## Task to complete
For this task, output exactly the lines of the material below starting at the line with "Spesifikasjoner: • Håndlaget" and ending at the line with "衿には衿立ち・衿開きのよいロ"; pictures are to be excluded.

## Data for the task
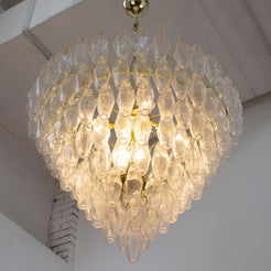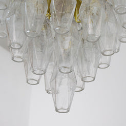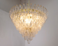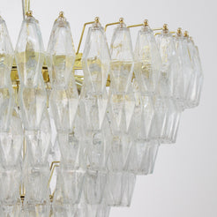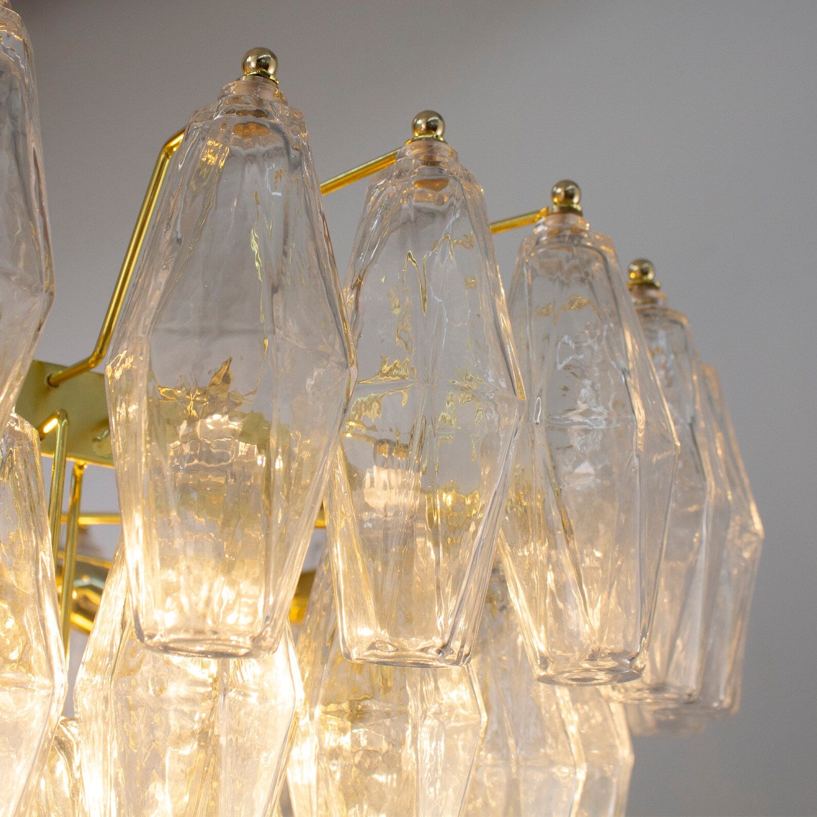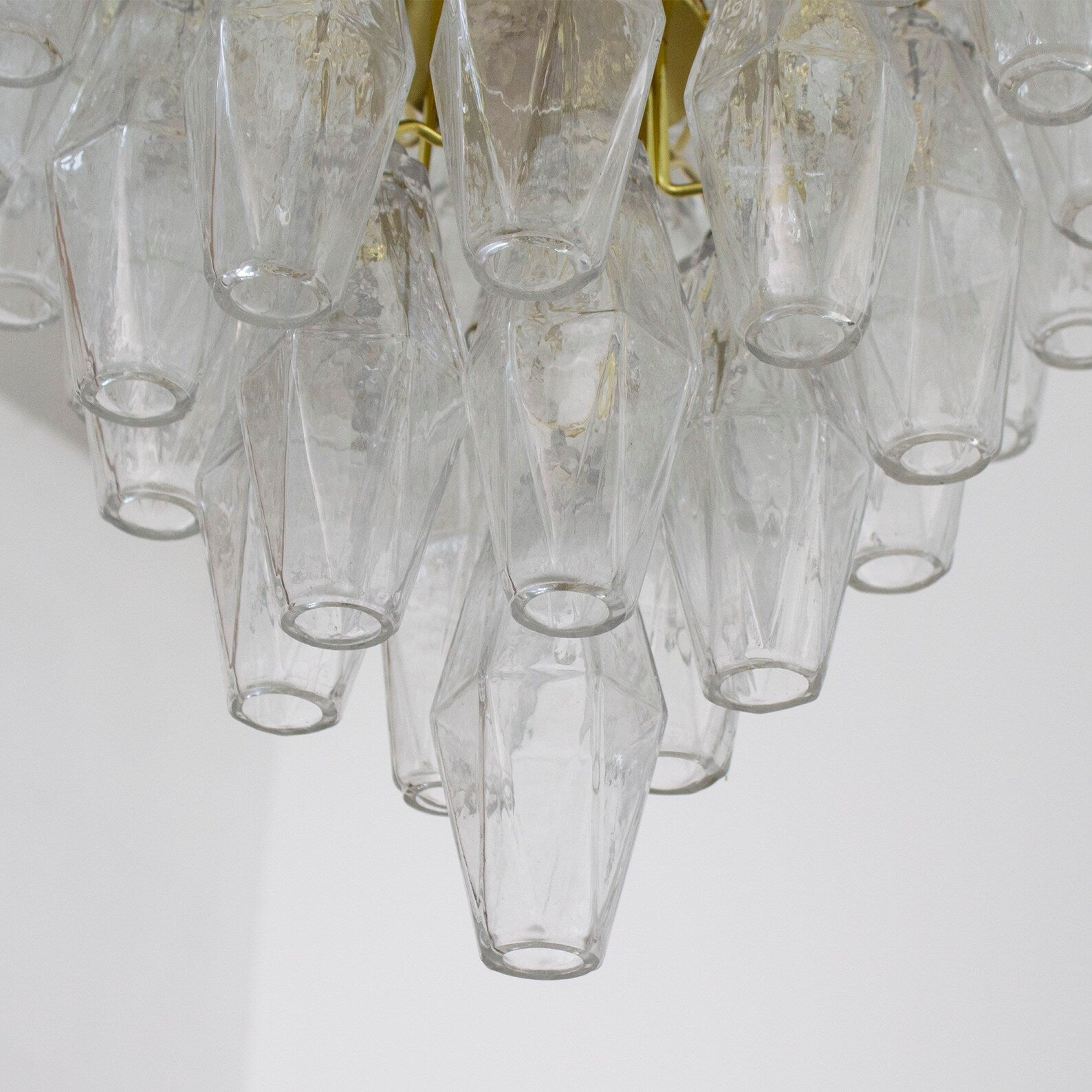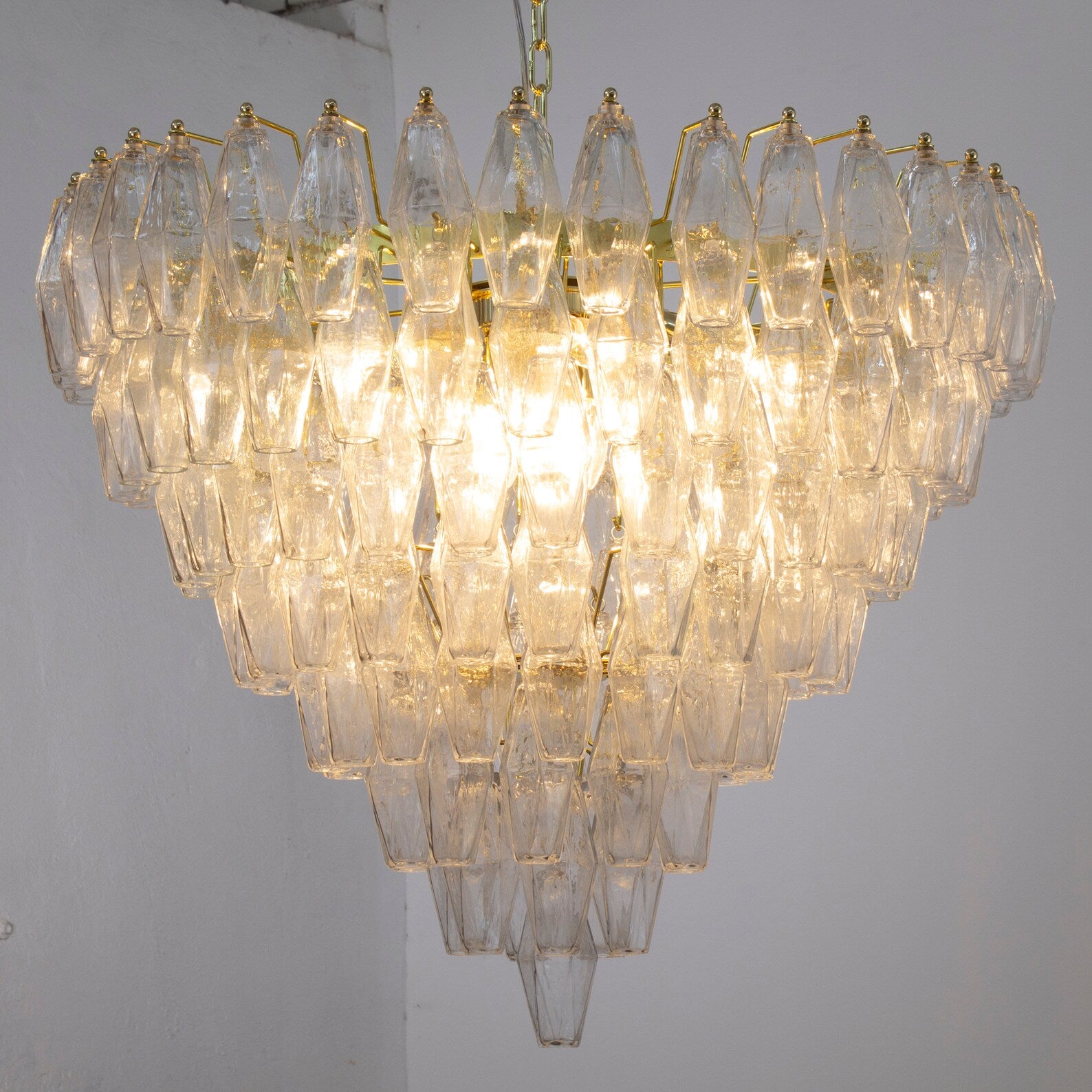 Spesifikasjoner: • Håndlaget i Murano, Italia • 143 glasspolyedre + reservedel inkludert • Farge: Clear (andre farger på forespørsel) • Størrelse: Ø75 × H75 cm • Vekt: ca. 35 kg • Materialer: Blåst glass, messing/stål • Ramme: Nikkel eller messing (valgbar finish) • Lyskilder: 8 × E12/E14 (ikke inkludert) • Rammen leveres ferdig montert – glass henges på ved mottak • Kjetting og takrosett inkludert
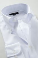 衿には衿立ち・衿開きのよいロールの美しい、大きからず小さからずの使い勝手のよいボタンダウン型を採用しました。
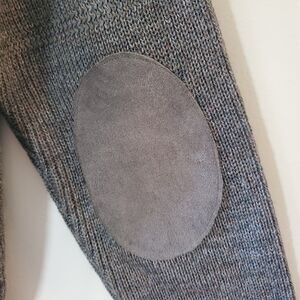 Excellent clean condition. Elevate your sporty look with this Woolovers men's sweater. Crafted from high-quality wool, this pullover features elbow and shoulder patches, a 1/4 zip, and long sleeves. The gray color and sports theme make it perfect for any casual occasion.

---

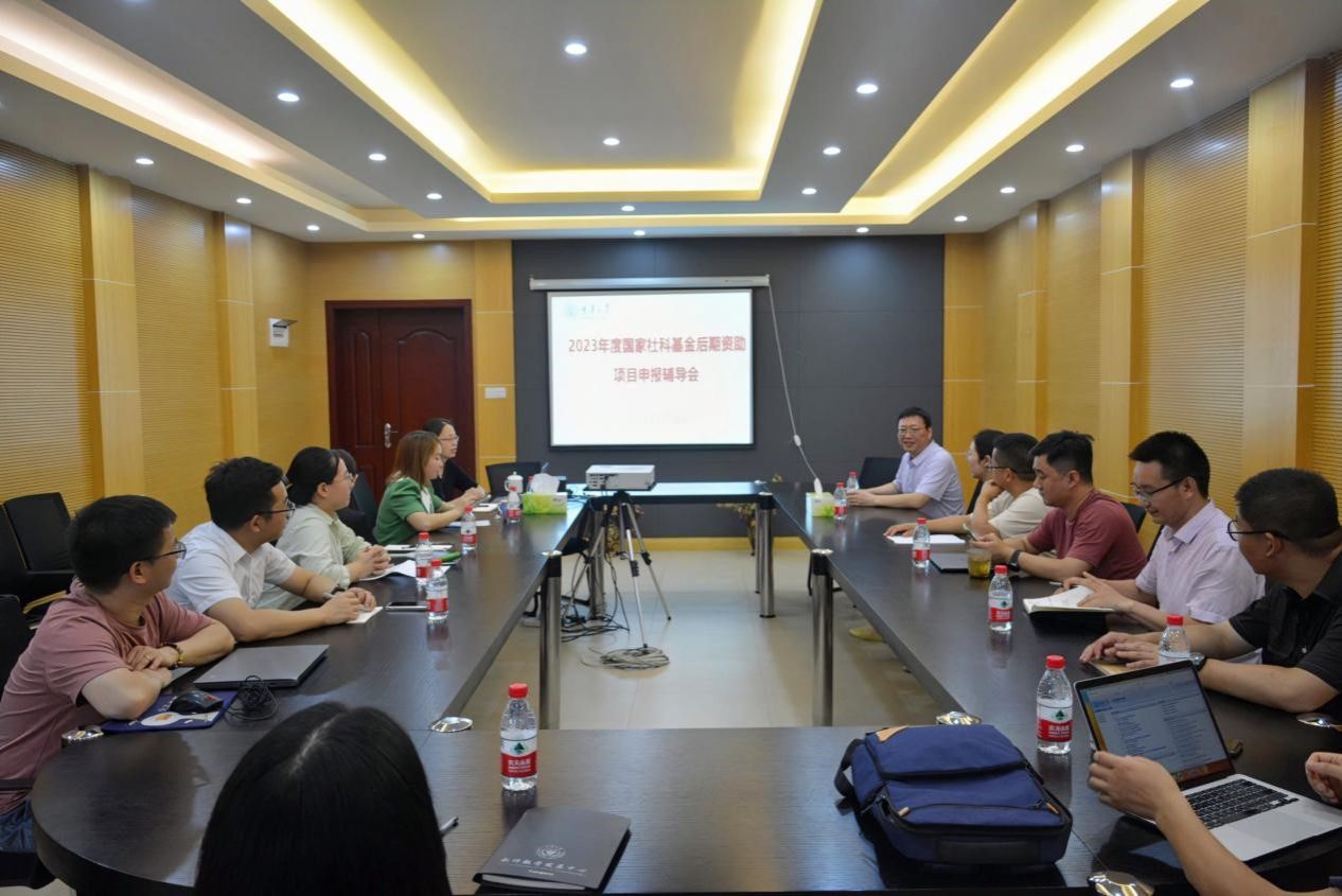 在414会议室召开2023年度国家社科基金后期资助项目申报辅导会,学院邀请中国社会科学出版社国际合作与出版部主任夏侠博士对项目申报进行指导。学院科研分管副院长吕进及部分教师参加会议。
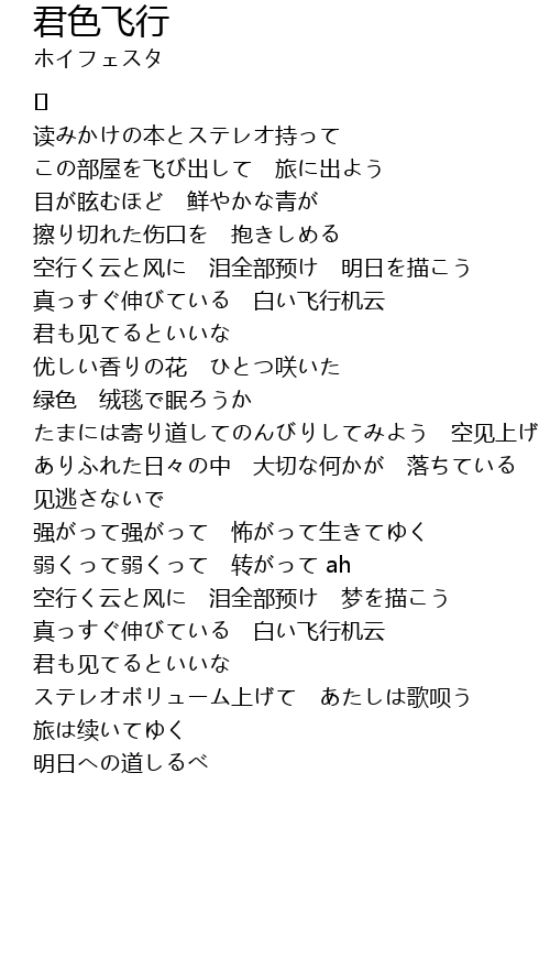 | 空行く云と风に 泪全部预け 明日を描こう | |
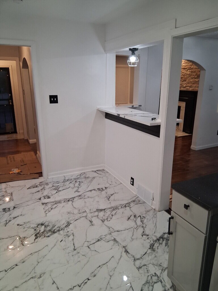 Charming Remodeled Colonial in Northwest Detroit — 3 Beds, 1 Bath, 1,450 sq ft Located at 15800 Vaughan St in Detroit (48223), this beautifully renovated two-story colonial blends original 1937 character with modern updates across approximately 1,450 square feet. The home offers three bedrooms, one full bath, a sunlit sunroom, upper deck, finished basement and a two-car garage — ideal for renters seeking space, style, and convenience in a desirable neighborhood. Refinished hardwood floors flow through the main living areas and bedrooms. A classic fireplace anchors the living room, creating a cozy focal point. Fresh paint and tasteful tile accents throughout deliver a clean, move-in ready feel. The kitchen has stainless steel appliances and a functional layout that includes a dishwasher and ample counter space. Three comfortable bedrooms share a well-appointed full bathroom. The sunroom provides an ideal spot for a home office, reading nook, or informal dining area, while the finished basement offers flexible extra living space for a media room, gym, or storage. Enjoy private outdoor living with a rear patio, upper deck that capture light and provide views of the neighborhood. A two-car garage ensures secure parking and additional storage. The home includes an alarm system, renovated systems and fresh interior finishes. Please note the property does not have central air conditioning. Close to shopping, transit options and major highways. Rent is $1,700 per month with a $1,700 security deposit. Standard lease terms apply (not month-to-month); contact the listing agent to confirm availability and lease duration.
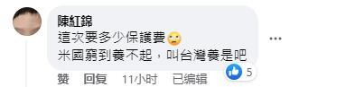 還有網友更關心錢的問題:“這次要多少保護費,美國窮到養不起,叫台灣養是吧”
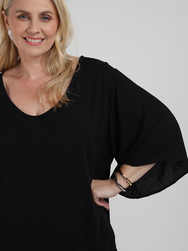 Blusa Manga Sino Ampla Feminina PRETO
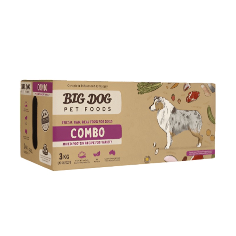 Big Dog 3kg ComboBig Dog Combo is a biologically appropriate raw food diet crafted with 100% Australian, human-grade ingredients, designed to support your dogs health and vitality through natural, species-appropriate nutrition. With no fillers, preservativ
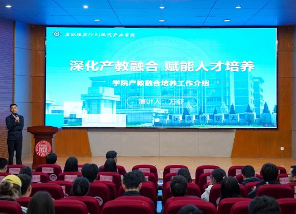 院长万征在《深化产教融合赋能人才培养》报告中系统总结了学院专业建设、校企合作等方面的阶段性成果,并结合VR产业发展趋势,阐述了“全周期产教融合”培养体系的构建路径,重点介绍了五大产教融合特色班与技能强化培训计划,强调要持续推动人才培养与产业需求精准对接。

--

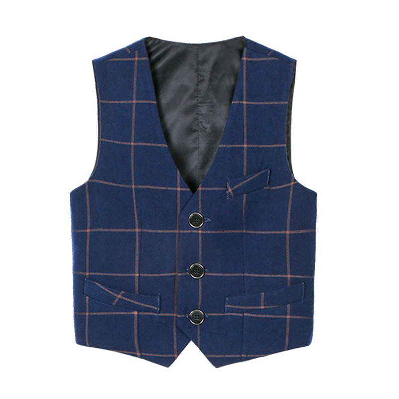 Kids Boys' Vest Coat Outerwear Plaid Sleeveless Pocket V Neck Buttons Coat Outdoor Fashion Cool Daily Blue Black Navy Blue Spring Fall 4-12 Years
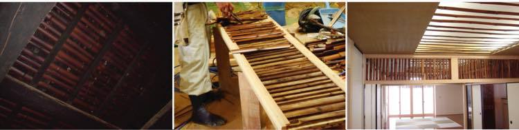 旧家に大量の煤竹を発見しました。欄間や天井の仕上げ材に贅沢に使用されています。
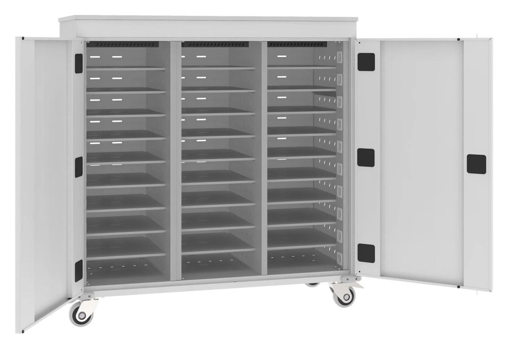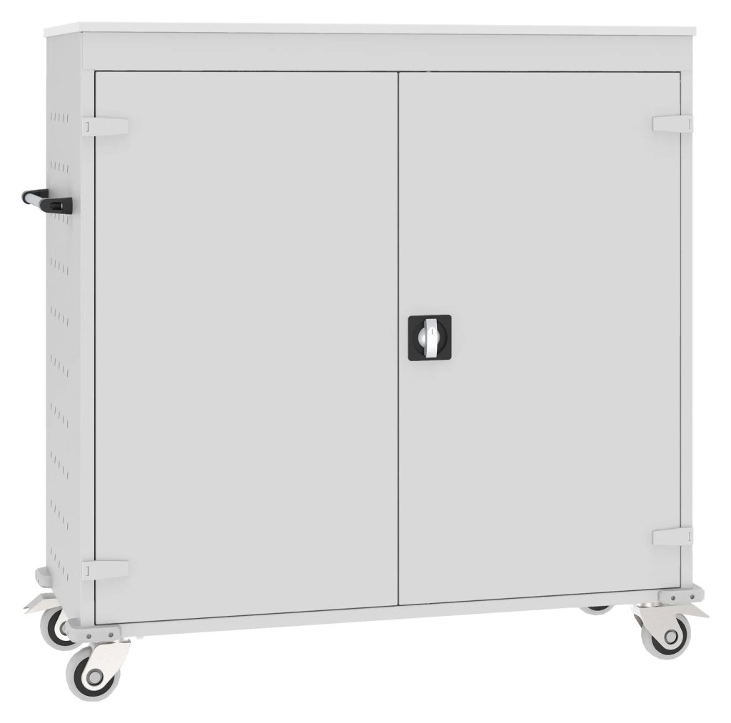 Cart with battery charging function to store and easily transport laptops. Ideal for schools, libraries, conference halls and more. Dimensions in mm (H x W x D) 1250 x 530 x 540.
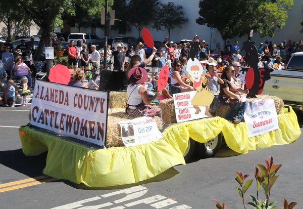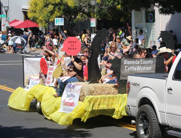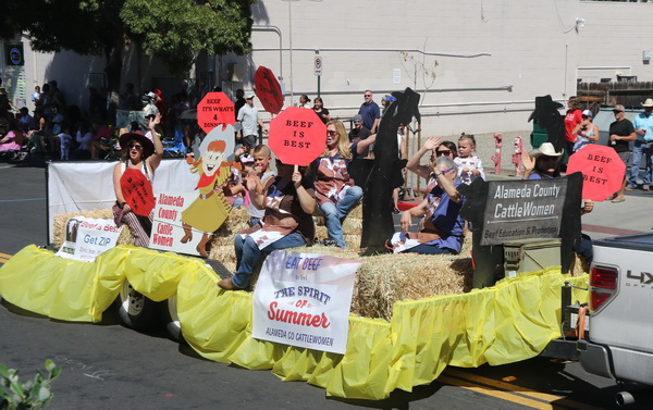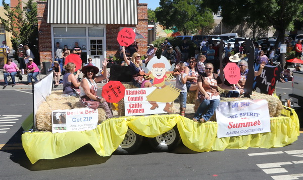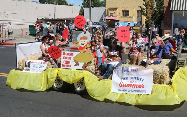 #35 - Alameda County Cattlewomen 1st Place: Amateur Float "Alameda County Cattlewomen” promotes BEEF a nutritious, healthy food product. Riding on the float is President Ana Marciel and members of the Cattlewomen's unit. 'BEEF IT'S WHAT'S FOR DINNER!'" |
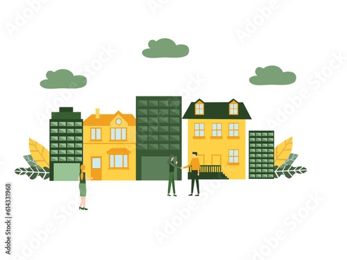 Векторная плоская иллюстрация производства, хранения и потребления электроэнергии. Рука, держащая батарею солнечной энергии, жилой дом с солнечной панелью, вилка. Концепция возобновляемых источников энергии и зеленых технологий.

## Answer section
 Spesifikasjoner: • Håndlaget i Murano, Italia • 143 glasspolyedre + reservedel inkludert • Farge: Clear (andre farger på forespørsel) • Størrelse: Ø75 × H75 cm • Vekt: ca. 35 kg • Materialer: Blåst glass, messing/stål • Ramme: Nikkel eller messing (valgbar finish) • Lyskilder: 8 × E12/E14 (ikke inkludert) • Rammen leveres ferdig montert – glass henges på ved mottak • Kjetting og takrosett inkludert
 衿には衿立ち・衿開きのよいロールの美しい、大きからず小さからずの使い勝手のよいボタンダウン型を採用しました。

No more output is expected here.